Eff that. Dungeons & Dragons thinking. Everything’s so mechanistic, quantitative; we’re too wedded to that. Somebody somewhere is going to want me to roll up Nahadoth’s damn stats even though by his very nature he can never have them — no. No. These are gods. If you can’t write them in a way that transcends game mechanics and the usual genre expectations, go write wizards like everybody else. Or become a better writer.

Must consider these gods qualitatively/holistically.

They are human gods, yes. They love and hate, make stupid decisions and regret them; they laugh and cry. This establishes an obvious and natural limiting factor: emotion. Human motivations. What should an immortal, insanely powerful being fear? The things that make eternal life a torment rather than a pleasure: loneliness, boredom, confinement, pain. What does an immortal, insanely powerful being want? Purpose. Other immortal, insanely powerful beings to share the good moments with. And when you have enough immortal, insanely powerful beings together, all motivated and limited by similar human impulses, reliant on each other to fulfill them, you get: a family.
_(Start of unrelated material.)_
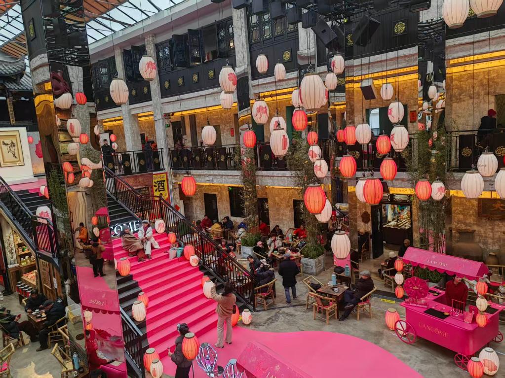 游客在位于成都市青羊区的大旗茶馆拍照打卡。新华社记者 董小红 摄 “茶馆是一个载体,里面装的是成都文化。”大旗茶馆主理人文艺介绍,茶馆每天有固定的茶艺、川剧变脸等表演,定期会举办非遗手工课,还设置了专门的扎染体验区域。 为了吸引更多年轻人,茶馆还开设了甜水铺。“不同消费场景可以满足多个年龄段游客的需求,让大家沉浸式感受老成都文化的沁润。”文艺说。 如今,大旗茶馆不仅成为市民游客的网红打卡地,越来越多文旅展演活动也钟情于此。这座老厂房的蝶变,是成都激发消费活力的一个剪影。近年来,以“场景”为核心的文旅融合实践正在成都街头蓬勃兴起。 拥有60余年历史的成都人民饭店锅炉房被改造成戏剧综合空间,形成集戏剧演出、艺术创作、生活消费于一体的复合场景;成都兴隆湖正推动公园从单一赏景到复合业态转型,打造皮划艇体验、星空露营、宠物友好等“公园+”新消费场景……一个个精彩纷呈的场景创新案例,为成都文旅融合写下生动注脚。

OK. So the “rules” must emulate those of human social interactions. This creates automatic plausibility because we understand human motivations. At least, we understand them as well as any of us understands our fellow human beings. Gods with unlimited power who are detached, incomprehensible, of course that wouldn’t work. But gods who are like us to some degree — not completely! just enough — that makes sense. They must be people, not archetypes.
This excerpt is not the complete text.